As shown in the summary of the model fit, the default estimation criterion is maximum likelihood. The summary provides several other model-fit statistics such as Akaike’s Information Criterion (`AIC`

), Schwarz’s Bayesian Information Criterion (`BIC`

), the log-likelihood at the parameter estimates, and the objective function (negative twice the log-likelihood) at the parameter estimates. These are all statistics related to the model fit and are used to compare different models fit to the same data.

The third section is the table of estimates of parameters associated with the random effects. There are two sources of variability in this model, a batch-to-batch variability in the level of the response and the residual or per-observation variability — also called the within-batch variability. The name “residual” is used in statistical modeling to denote the part of the variability that cannot be explained or modeled with the other terms. It is the variation in the observed data that is “left over” after determining the estimates of the parameters in the other parts of the model.

Some of the variability in the response is associated with the fixed-effects terms. In this model there is only one such term, labeled the `(Intercept)`

. The name “intercept”, which is better suited to models based on straight lines written in a slope/intercept form, should be understood to represent an overall “typical” or mean level of the response in this case. (For those wondering about the parentheses around the name, they are included so that a user cannot accidentally name a variable in conflict with this name.) The line labeled `Batch`

in the random effects table shows that the random effects added to the intercept term, one for each level of the factor, are modeled as random variables whose unconditional variance is estimated as 1388.33 g$^2$. The corresponding standard deviations is 37.26 g for the ML fit.

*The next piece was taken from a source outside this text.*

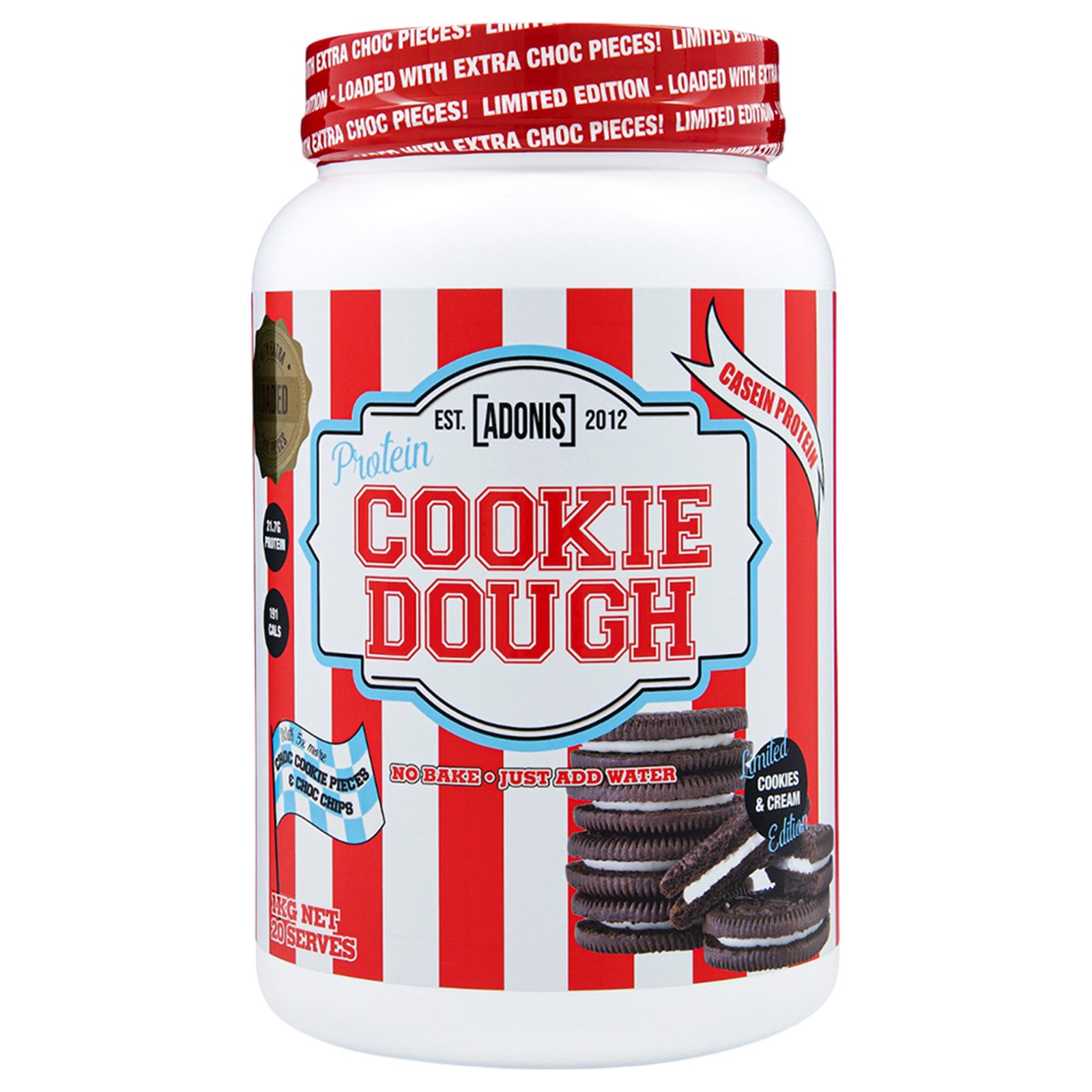 Adonis Protein Cookie Dough A World First & Your New Favourite Dessert, “Protein Cookie Dough”! It’s Only 140 Calories Per Serve, You Just Add Water, Whisk and It’s Ready to Eat! With Over 21 Grams of Casein Protein Per Serving, It Also Makes for the Perfect Snack! It Has the Same Texture as Regular Cookie Dough and Even Has Real Choc Pieces in It!

Note that the last column in the random effects summary table is the estimate of the variability expressed as a standard deviation rather than as a variance. These are provided because it is usually easier to visualize the variability in standard deviations, which are on the scale of the response, than it is to visualize the magnitude of a variance. The values in this column are a simple re-expression (the square root) of the estimated variances. Do not confuse them with the standard errors of the variance estimators, which are not given here. As described in later sections, standard errors of variance estimates are generally not useful because the distribution of the estimator of a variance is skewed - often badly skewed.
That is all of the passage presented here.